Auf zellulärer Ebene spielt der Tod eines Organismus keine Rolle.

Es ist noch nicht bekannt, was genau die posthume Genexpression verursacht. Tatsächlich hören nach dem Tod Sauerstoff und Nährstoffe auf, in die Zellen zu fließen. Eine neue Studie von Noble und Pozhitkov, Distinct Sequence Patterns in the active postmortal Transcriptome, könnte diese Frage klären.

Anhand von Originaldaten von Fischen und Mäusen fand Noble, dass sich die mRNA, die nach dem Tod aktiv war, von anderer mRNA in Zellen unterschied. Ungefähr 99% der RNA-Transkripte in Zellen werden nach dem Tod des Organismus schnell zerstört. Das verbleibende 1% enthält bestimmte Nukleotidsequenzen, die an Moleküle binden, die mRNA nach der Transkription regulieren. Dies ist wahrscheinlich das, was die posthume Genaktivität unterstützt.

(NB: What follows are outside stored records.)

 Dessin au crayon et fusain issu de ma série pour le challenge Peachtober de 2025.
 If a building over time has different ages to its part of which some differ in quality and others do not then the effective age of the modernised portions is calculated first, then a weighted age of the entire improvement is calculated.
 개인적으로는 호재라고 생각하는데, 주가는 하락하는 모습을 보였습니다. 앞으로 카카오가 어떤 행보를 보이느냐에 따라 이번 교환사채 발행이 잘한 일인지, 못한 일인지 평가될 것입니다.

Wissenschaftler glauben, dass dieser Mechanismus Teil der zellulären Reaktion ist, wenn sich der Körper von einer schweren Verletzung erholen kann. Möglicherweise versuchen Zellen im Todeskampf, „alle Klappen zu öffnen“, damit bestimmte Gene exprimiert werden können. Zum Beispiel Gene, die auf Entzündungen reagieren.

Warum ist es wichtig

Das Verständnis der Mechanismen hinter der postmortalen Genaktivität wird sich auf Organtransplantationen, Genforschung und Forensik auswirken. Zum Beispiel konnten Pedro Ferreira und seine Kollegen den Todeszeitpunkt eines Organismus genau bestimmen, indem sie sich nur auf posthume Veränderungen der Genexpression stützten. Dies kann nützlich sein, wenn Morde untersucht werden.

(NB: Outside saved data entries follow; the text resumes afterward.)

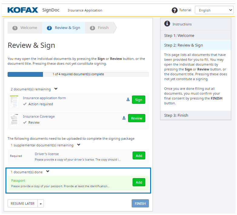 Once all required supplemental documents are provided and all documents of the signing package are completed, the Finish action is available for the signer.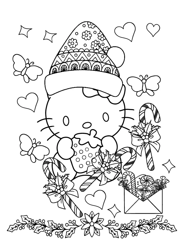 Coloração Grátis Adorável Hello Kitty Natal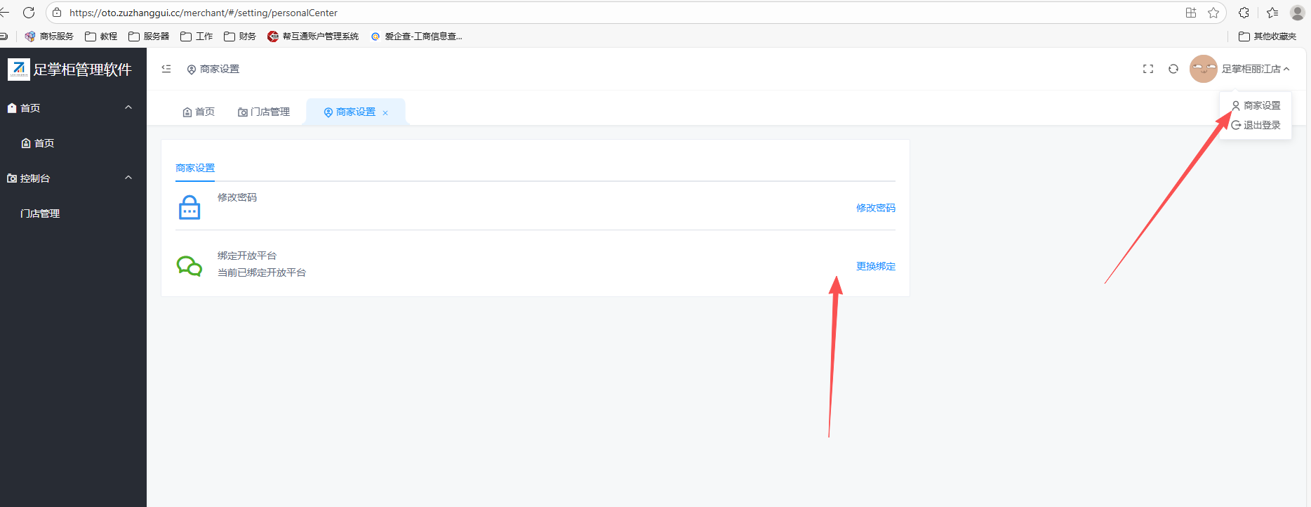 1、登录商家管理后台: [https://oto.zuzhanggui.cc/merchant/#/login](https://oto.zuzhanggui.cc/merchant/)  2、右上角-商家设置-绑定公众号  3、需要隔着屏幕扫码,不能长按识别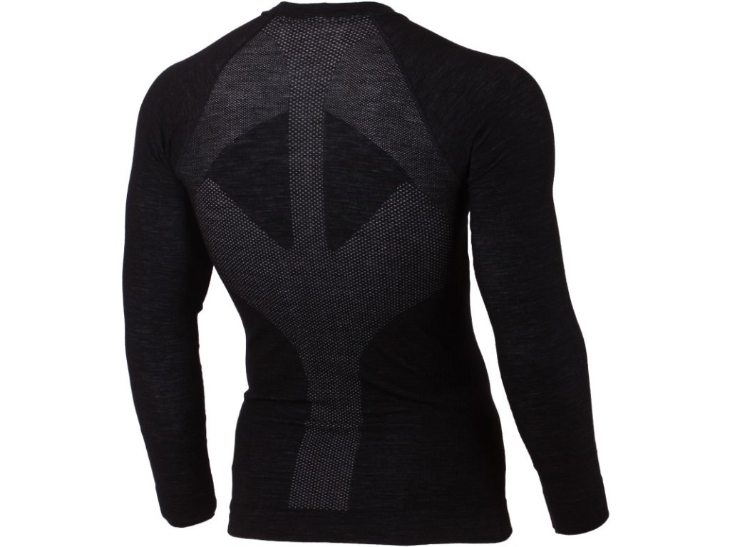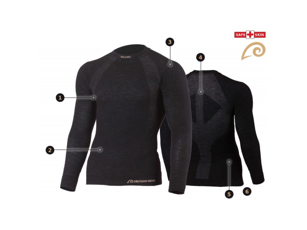 - ochrana pred pocením: zvýšenú tvorbu potu v podpazuší transportuje od pokožky aktívna vrstva. Vďaka prirodzenej antibakteriálnej funkcii merino vlny sa znižuje nepríjemný zápach pri aktívnom športe. Podpora brušných svalov a bokov: oblasť brucha a bokov má podpornú kompresnú funkciu.ochrana pred chladom: ochranu pred chladom v ramenách zabezpečuje plný jednolícny úplet z vlnené priadze

Bei diesem Experiment wussten die Wissenschaftler jedoch, dass die untersuchten Gewebe Spendern ohne Pathologien gehörten und unter idealen Bedingungen gelagert wurden. Im wirklichen Leben können viele Faktoren die RNA-Transkription beeinflussen, von Krankheiten im Körper bis hin zur Umgebungstemperatur und der Zeit bis zur Probenahme. Bislang ist diese Untersuchungsmethode noch nicht für den Einsatz in Gerichtsverfahren geeignet.

Noble und Pozhitkov glauben, dass diese Entdeckungen auch bei Organtransplantationen nützlich sein werden.

Die Organe der Spender befinden sich für einige Zeit außerhalb des Körpers. Vielleicht beginnt die RNA in ihnen die gleichen Signale zu senden wie im Todesfall. Laut Pozhitkov kann dies die Gesundheit von Patienten beeinträchtigen, die ein neues Organ erhalten haben. Sie haben im Vergleich zur Allgemeinbevölkerung eine erhöhte Krebsinzidenz. Vielleicht liegt es nicht an den Medikamenten, die das Immunsystem unterdrücken, die sie einnehmen müssen, sondern an den postmortalen Prozessen im transplantierten Organ. Genaue Daten gibt es noch nicht, aber Forscher erwägen, Organe für die Transplantation nicht in der Kälte, sondern mit künstlicher Lebenserhaltung aufzubewahren.